* _Task to carry out_
Reproduce each line below precisely. Drop the pictures.

[Stored data — start]

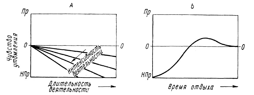 Рис. 25. Характеристика чувства утомления: А — накопление утомления в зависимости от длительности и интенсивности деятельности; Б — динамика чувства во время отдыха.
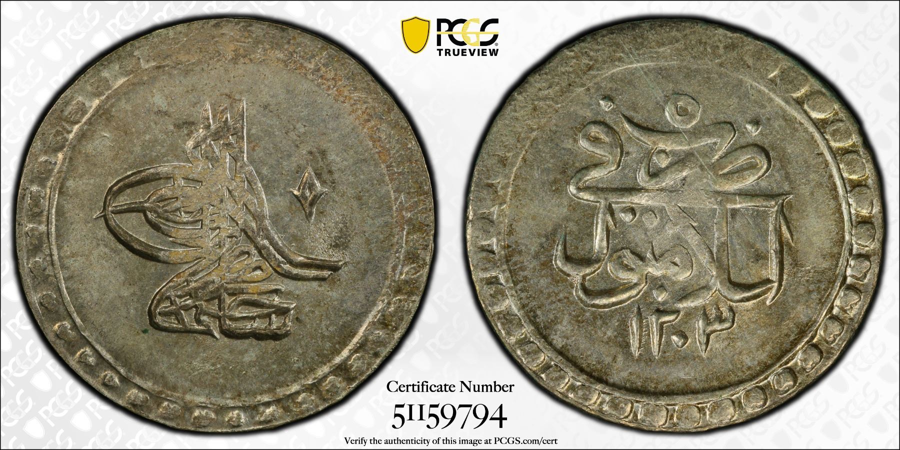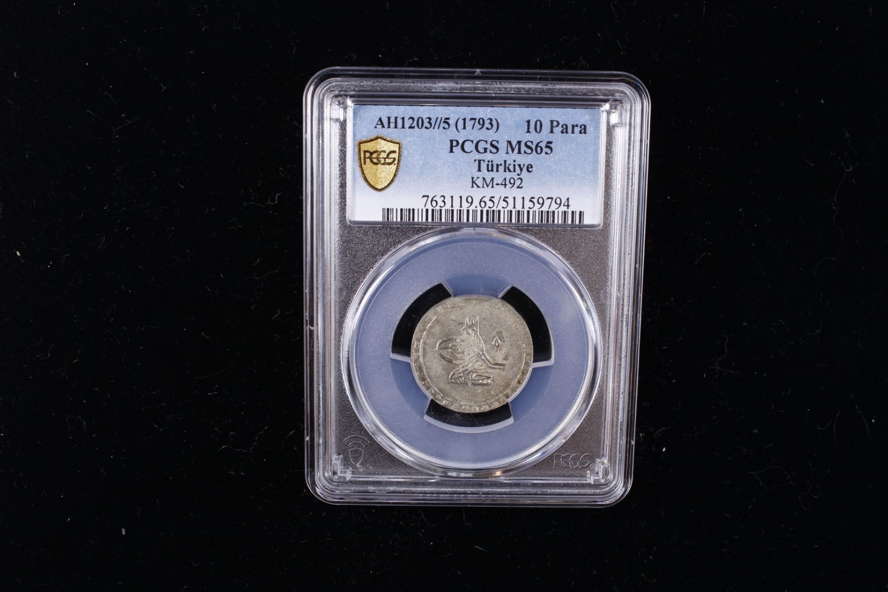 TURKEY: Selim III, 1789-1807, AR 10 para, Islambul, AH1203 year 5 (1793), KM-492, a superb example, PCGS graded MS65.
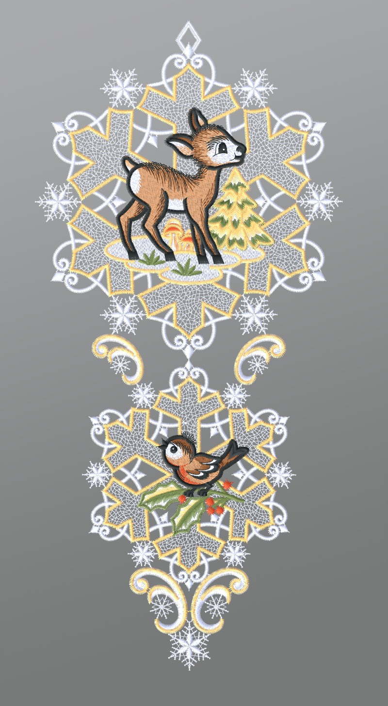 Fensterbild aus Plauener Spitze® - Rehkitz mit Vögelchen und Schneekristallen #1W mehrfarbig

[Stored data — finish]

* _Task output_
 Рис. 25. Характеристика чувства утомления: А — накопление утомления в зависимости от длительности и интенсивности деятельности; Б — динамика чувства во время отдыха.
 TURKEY: Selim III, 1789-1807, AR 10 para, Islambul, AH1203 year 5 (1793), KM-492, a superb example, PCGS graded MS65.
 Fensterbild aus Plauener Spitze® - Rehkitz mit Vögelchen und Schneekristallen #1W mehrfarbig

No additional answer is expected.